Try it —
The line containing "2025年一季度,A股营收环" marks the end; write out exactly every line from the start of the data up to and including it, without the pictures.

┌─ Information shown

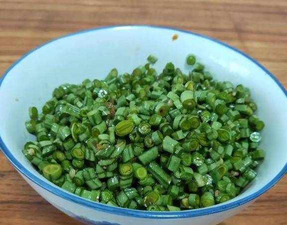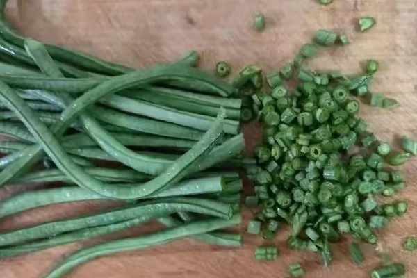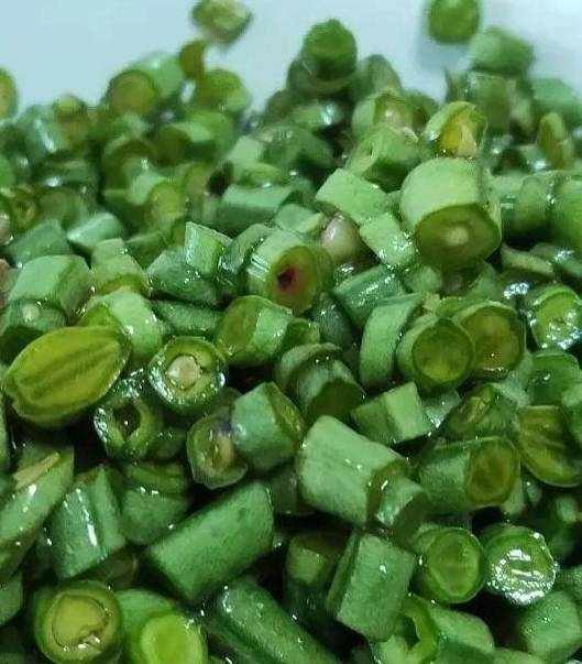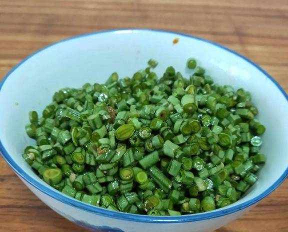 步驟:1、將新鮮的豆角冼凈,用開水煮至青色,撈出來瀝水後切段。
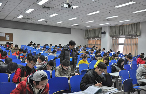 我校本科生期末考试自1月18日开始正式进行,1月22日王亚杰书记在教务处孙洪祥处长等相关老师陪同下深入校本部考场,巡视考场秩序。
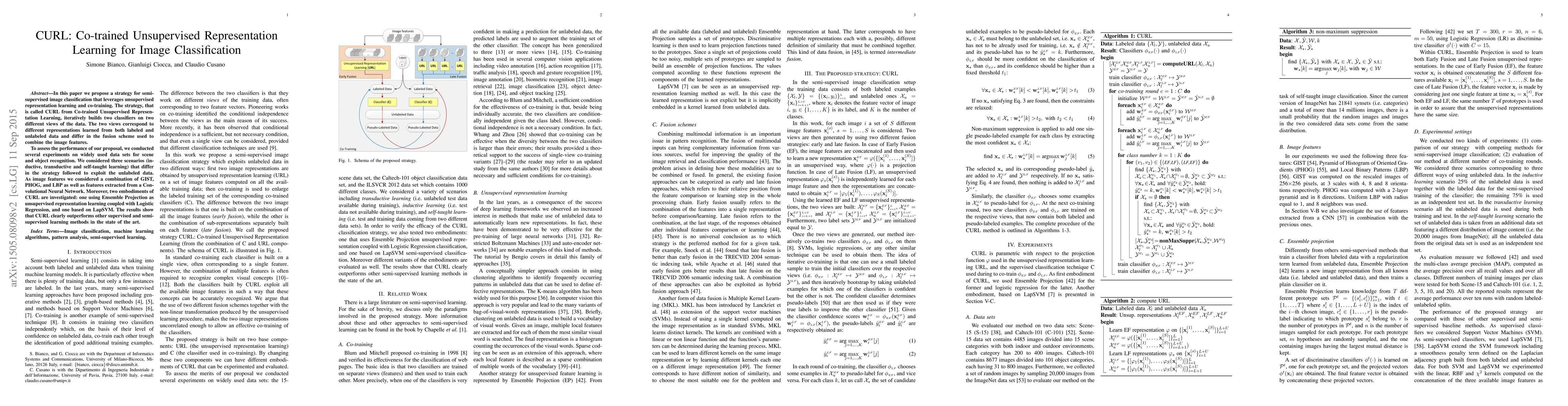 The paper introduces CURL, a co-trained unsupervised representation learning approach for semi-supervised image classification, employing iterative classifiers based on different data representations and achieving superior performance over other state-of-the-art methods in various learning scenarios.
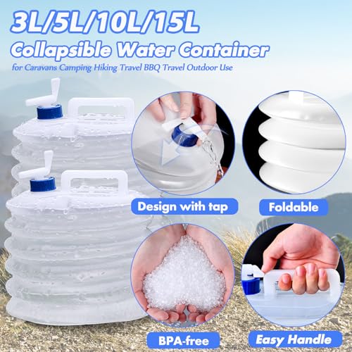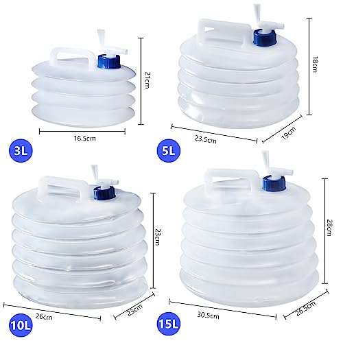 BIAOQINBO - حاوية مياه قابلة للطي سعة 5، 10، 15 لتر، دلو ماء قابل للطي، خزان مياه محمول وخالي من BPA للتخزين في الكارافان والتخييم والمشي لمسافات طويلة والسفر والشواء والسفر والاستخدام الخارجي، بلاستيك، شفاف
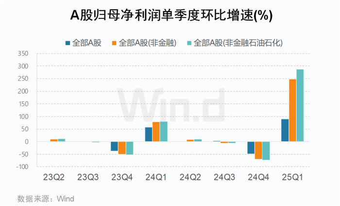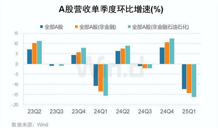 2025年一季度,A股营收环比2024年第四季度下滑12.4%(非金融板块下滑14.3%),归母净利润环比增长89.6%(非金融板块增长248.2%),收入承压与利润高增的结构性分化显著。
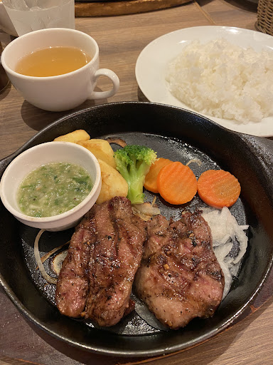 Read more接客は親切でした。ただ制服のシャツの袖を折っておられたので、折った袖の先(ボタンの近く)が配膳の時に私のスープカップに擦れていました。あと数ミリでスープにつかりそうだなと思って見ていたのですが、ベージュ色のシャツの袖の先は色が濃くなっていたので、きっと違うスープや何かに接触して汚れているんだなと思いました。袖のボタンは留めて、折るのは辞めた方が衛生的だと思います。子供の食事中に「袖が食事に付くよ!」と注意している光景を思い出しました。 国産牛ステーキを注文したのですが、メニューの写真のお肉とは全く違いました。メニューの国産牛ステーキの写真はきめ細かなサシが入っていましたが、実際のお肉はナイフで全然切れず、中は真っ赤でレアに近い焼き上がりでした。(ミディアムの焼きで注文したのに。)生肉の様で、鉄板の余熱で焼かないと気持ち悪くて食べれないと思ったので、先に全て1口大に切り、余熱で中に火が通るように工夫していただきました。3種類あるたれはどれも美味しかった...
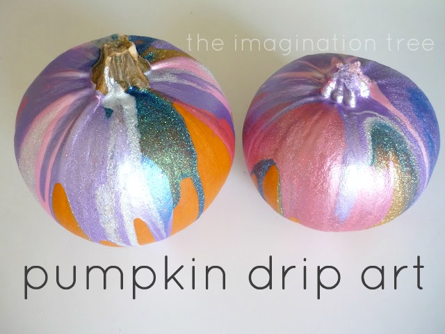 Imagination Tree makes drip paintings on pumpkins, using acrylic paint.
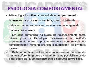 Este documento discute brevemente a psicologia comportamental e seu fundador John B. Watson. Apresenta também alguns princípios-chave da aprendizagem comportamental e discussões sobre drogas e família na sociedade.
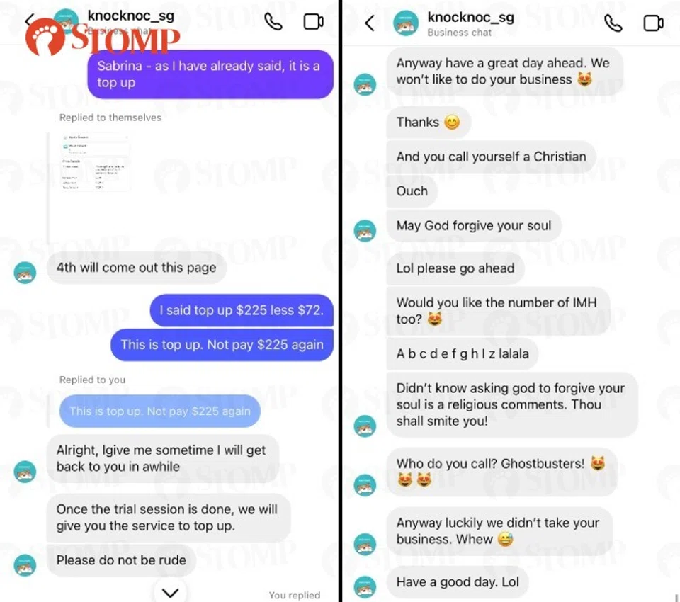 Stomper Shien said she contacted a company called Knoc Knoc about a cleaning package via Instagram on July 5.

└─

Result for this exercise —
 步驟:1、將新鮮的豆角冼凈,用開水煮至青色,撈出來瀝水後切段。
 我校本科生期末考试自1月18日开始正式进行,1月22日王亚杰书记在教务处孙洪祥处长等相关老师陪同下深入校本部考场,巡视考场秩序。
 The paper introduces CURL, a co-trained unsupervised representation learning approach for semi-supervised image classification, employing iterative classifiers based on different data representations and achieving superior performance over other state-of-the-art methods in various learning scenarios.
 BIAOQINBO - حاوية مياه قابلة للطي سعة 5، 10، 15 لتر، دلو ماء قابل للطي، خزان مياه محمول وخالي من BPA للتخزين في الكارافان والتخييم والمشي لمسافات طويلة والسفر والشواء والسفر والاستخدام الخارجي، بلاستيك، شفاف
 2025年一季度,A股营收环比2024年第四季度下滑12.4%(非金融板块下滑14.3%),归母净利润环比增长89.6%(非金融板块增长248.2%),收入承压与利润高增的结构性分化显著。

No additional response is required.